2/18/2004: I-140 Petition, "Ability to Pay" Requirement, and USCIS Plan

* Lately, a host of I-140 immigrant petitions have been denied on the issue of petitioning employer's financial ability to pay the proffered wage. The requirement of "financial ability to pay" is derived from the interpretation of the immigration statutues and there is no such specific language in the statute itself.
* In implementing the financial ability to pay requirement, there have been a number of confusions, inconsistencies, and arbitrariness until the so-caled "Yates Memo" was released no too long ago to clarify the standards. Now, the USCIS rule-making agenda reflects that USCIS is planning to amend 8 CFR 204.5(g)(2) to eliminate specific reference to ability to pay and replacing it with the statutory requirement that petitioner establish its bona fides as a U.S. employer through specifically cited initial evidence. This rule provides clarification and focus that reflects the statutory requirement that the petitioning employer establish its bona fides as a U.S. employer and the viability of the proffered job.
* The plan is to enact this regulation in April 2005. The USCIS can change the plan as it often does, but we support this regulatory amendment to come better terms with the statutory language and the legislative intent. Before the legacy INS and the current USCIS started toughening the financial ability to pay requirement, the legacy INS implemented the statute and regulation somewhat liberally and close to the terms of the statutory language. For instance, the reality of the business reflects that the businesses constantly go through "ups and downs" in revenue and income over the years. One cannot judge the viability of a business strictly based on the net income figures of the businesses in a given year. There may be hundreds of thousands of businesses that have survived for years and years, sometimes over 10 years, and are experiencing downturn of the revenue because of the poor economy. It is indeed absurd that these businesses are judged as "not viable" because of couple of years of business slowdowns! We urge the USCIS to amend the regulation as drafted and implement the statutes more close to the language of the statutes.
 
unitednations said:
Until they change the regulation, it is what it is. I wouldn't hold out hope that this is going to change. there hasn't been any immigration friendly rule come out in the last two to three years.

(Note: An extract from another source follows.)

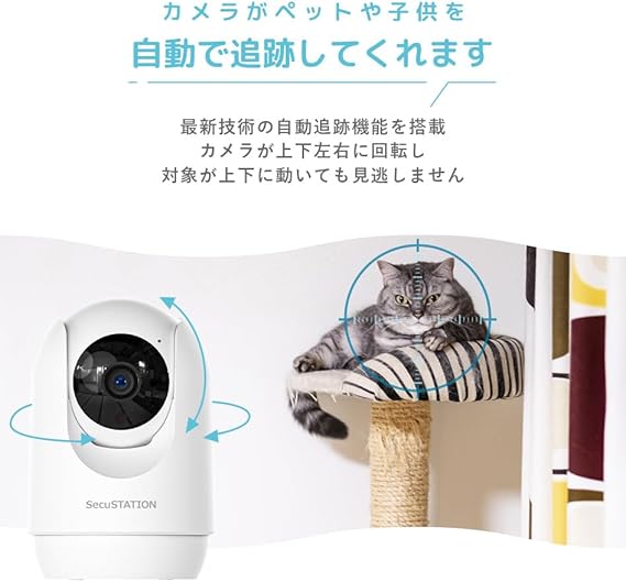 【自動追跡機能】最新技術の自動追跡機能を搭載。カメラが上下左右に回転し、対象が動いても見逃しません。ペットや子供をしっかり追跡してくれます。

Actually, Bill Yates wrote a memo for I-140 ajudicators on this subject around 2-3 months ago that had one huge benefit - if the alien is already being paid the proferred wage, then that fact alone is evidence of ability to pay.

For thos employers who don't lowball their H-1B non-immigrants, it's a huge benefit.
 
The article which Srikanth provided was the one i was referring to. There is no clear guidance or yardstick for ability to pay. As i mentioned the adjudicators take all petitions from a orgnanization and then proved that the comany doesnt have the ability to pay even though the company have been paying proferred wages. In many cases where the company is not of substantial size they do have a lot of money flowing in thru VC's. Technically though they are not making profits they have been in business for a couple of years wthile paying all their employees. I am sure the ability to pay issue has toned down after the last year guidance from HQ. I ultimately beleive the attorneys representing the cases make a big difference in such cases.